▶ **Requirement**
Reproduce exactly the line with "為深入貫徹落實(shí)習近" and every line that follows it below, up to and including the last one. Do not include pictures or anything else.

[Data items]
═══
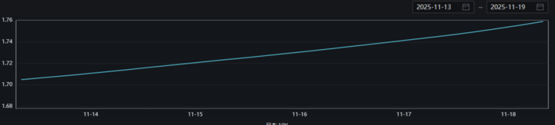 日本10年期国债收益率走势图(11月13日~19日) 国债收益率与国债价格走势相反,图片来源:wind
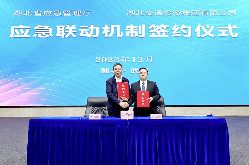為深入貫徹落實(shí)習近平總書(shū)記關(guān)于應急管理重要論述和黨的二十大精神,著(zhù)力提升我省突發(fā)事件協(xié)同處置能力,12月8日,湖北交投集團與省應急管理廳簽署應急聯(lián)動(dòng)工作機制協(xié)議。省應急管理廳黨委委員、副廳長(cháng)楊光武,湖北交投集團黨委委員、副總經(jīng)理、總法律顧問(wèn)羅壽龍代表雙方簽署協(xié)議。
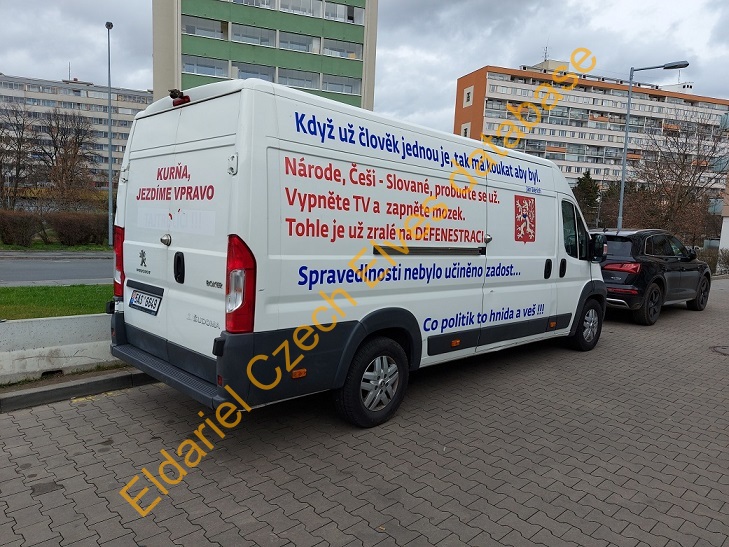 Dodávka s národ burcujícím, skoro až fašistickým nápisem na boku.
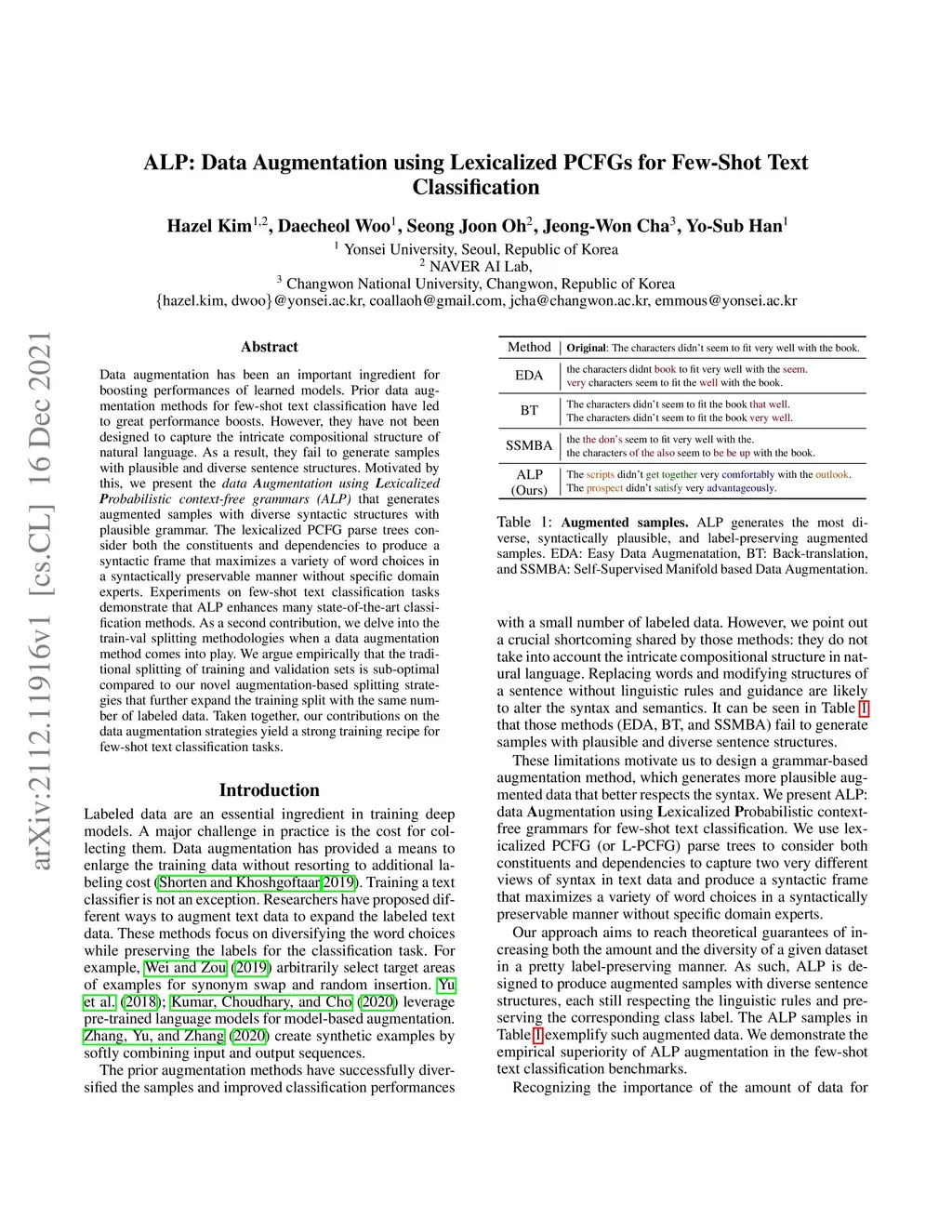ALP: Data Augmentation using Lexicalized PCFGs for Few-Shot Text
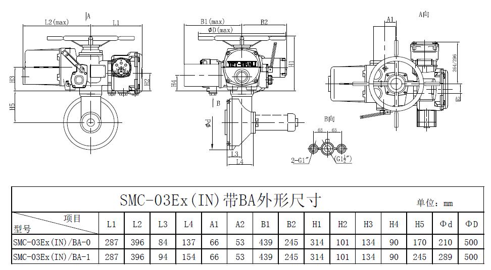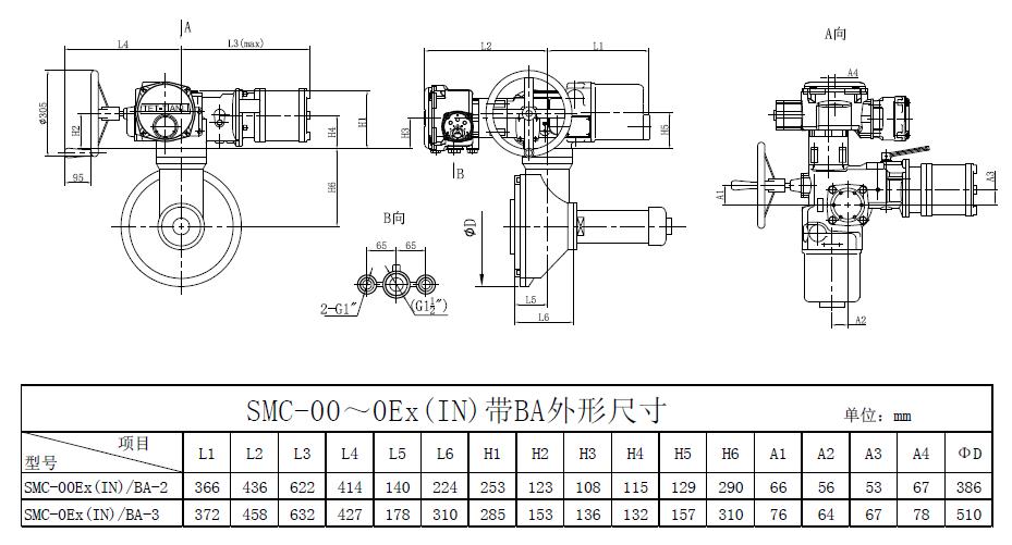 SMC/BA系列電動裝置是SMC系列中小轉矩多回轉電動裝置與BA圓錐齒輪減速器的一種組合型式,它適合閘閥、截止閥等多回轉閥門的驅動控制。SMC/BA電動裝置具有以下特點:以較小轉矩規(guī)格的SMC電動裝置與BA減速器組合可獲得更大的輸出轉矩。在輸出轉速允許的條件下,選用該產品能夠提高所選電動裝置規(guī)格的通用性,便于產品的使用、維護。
═══
▶ **Answer to the exercise**
為深入貫徹落實(shí)習近平總書(shū)記關(guān)于應急管理重要論述和黨的二十大精神,著(zhù)力提升我省突發(fā)事件協(xié)同處置能力,12月8日,湖北交投集團與省應急管理廳簽署應急聯(lián)動(dòng)工作機制協(xié)議。省應急管理廳黨委委員、副廳長(cháng)楊光武,湖北交投集團黨委委員、副總經(jīng)理、總法律顧問(wèn)羅壽龍代表雙方簽署協(xié)議。
 Dodávka s národ burcujícím, skoro až fašistickým nápisem na boku.
ALP: Data Augmentation using Lexicalized PCFGs for Few-Shot Text
 SMC/BA系列電動裝置是SMC系列中小轉矩多回轉電動裝置與BA圓錐齒輪減速器的一種組合型式,它適合閘閥、截止閥等多回轉閥門的驅動控制。SMC/BA電動裝置具有以下特點:以較小轉矩規(guī)格的SMC電動裝置與BA減速器組合可獲得更大的輸出轉矩。在輸出轉速允許的條件下,選用該產品能夠提高所選電動裝置規(guī)格的通用性,便于產品的使用、維護。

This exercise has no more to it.